■ **Directions**: Output must consist only of the lines of the material below from the one with "AP212 is a great" through the one with "La chanteuse Ciara", each reproduced exactly; no pictures belong in it.

■ **Data for processing**:
+ + + +

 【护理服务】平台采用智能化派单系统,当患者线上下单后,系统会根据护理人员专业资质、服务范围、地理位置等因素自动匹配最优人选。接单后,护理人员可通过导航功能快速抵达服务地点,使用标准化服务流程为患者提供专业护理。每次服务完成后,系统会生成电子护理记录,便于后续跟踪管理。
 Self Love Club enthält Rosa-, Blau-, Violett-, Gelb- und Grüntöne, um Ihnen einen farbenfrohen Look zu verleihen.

+ + + +

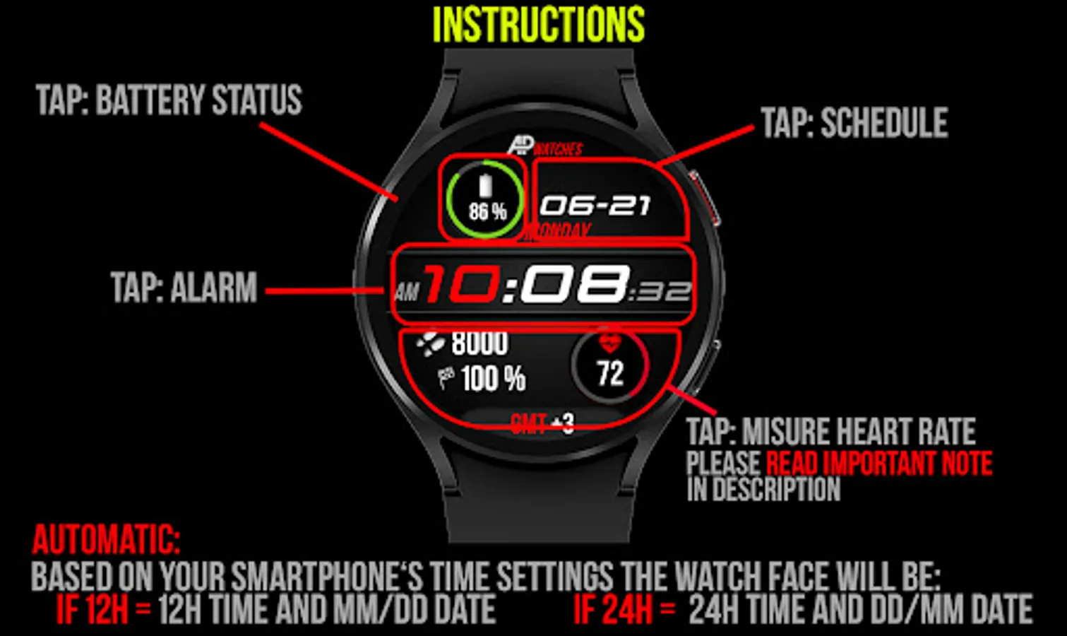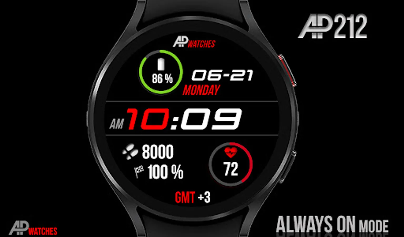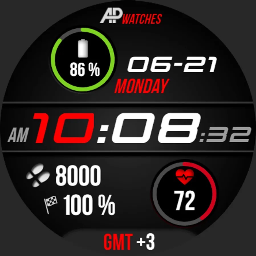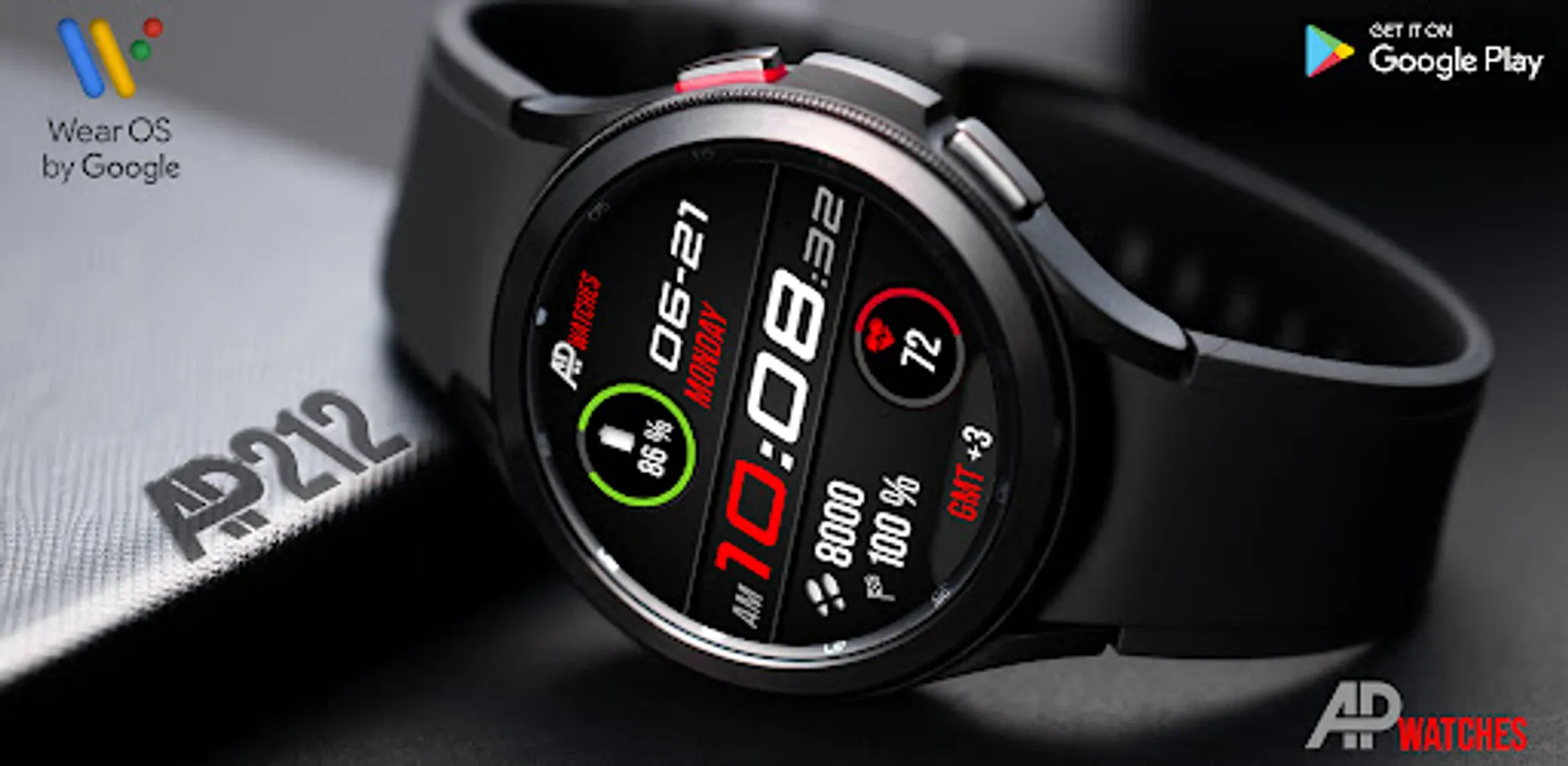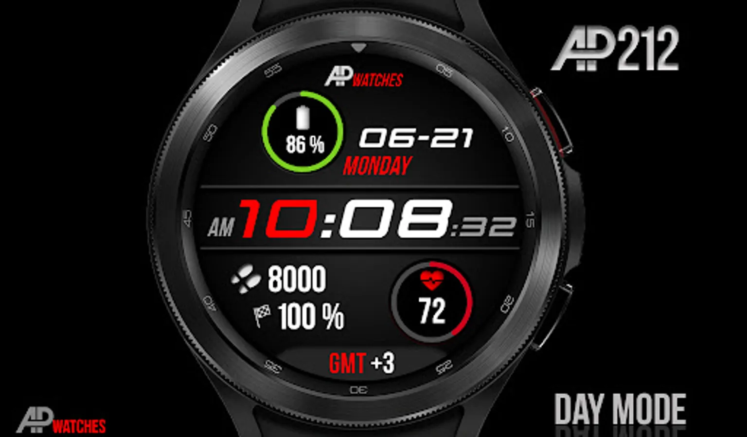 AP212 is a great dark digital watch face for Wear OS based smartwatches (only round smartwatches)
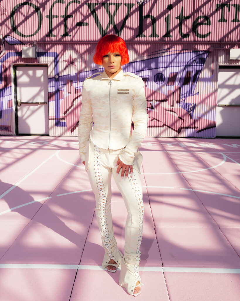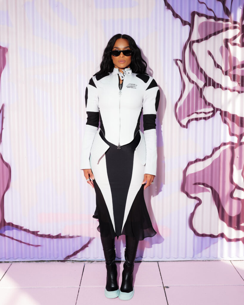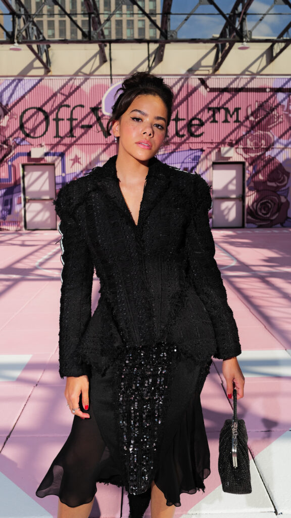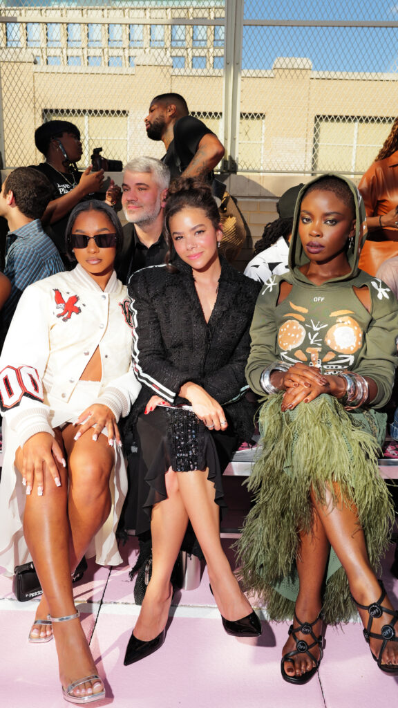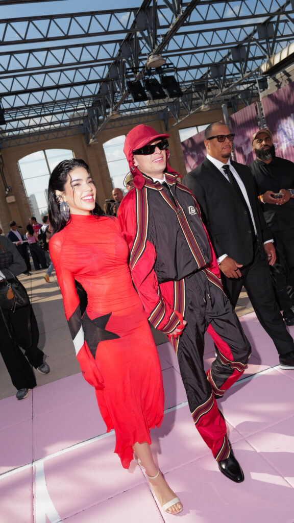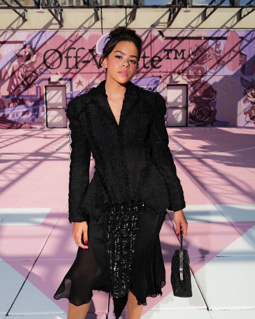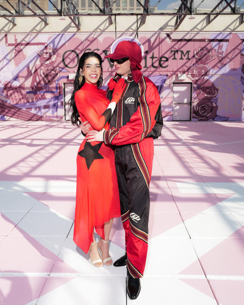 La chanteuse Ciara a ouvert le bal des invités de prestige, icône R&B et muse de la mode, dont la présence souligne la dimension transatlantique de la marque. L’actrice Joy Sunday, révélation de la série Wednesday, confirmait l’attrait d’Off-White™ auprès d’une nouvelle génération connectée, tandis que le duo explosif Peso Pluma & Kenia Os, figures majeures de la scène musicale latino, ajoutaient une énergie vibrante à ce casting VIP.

+ + + +

■ **Reply**:
 AP212 is a great dark digital watch face for Wear OS based smartwatches (only round smartwatches)
 La chanteuse Ciara a ouvert le bal des invités de prestige, icône R&B et muse de la mode, dont la présence souligne la dimension transatlantique de la marque. L’actrice Joy Sunday, révélation de la série Wednesday, confirmait l’attrait d’Off-White™ auprès d’une nouvelle génération connectée, tandis que le duo explosif Peso Pluma & Kenia Os, figures majeures de la scène musicale latino, ajoutaient une énergie vibrante à ce casting VIP.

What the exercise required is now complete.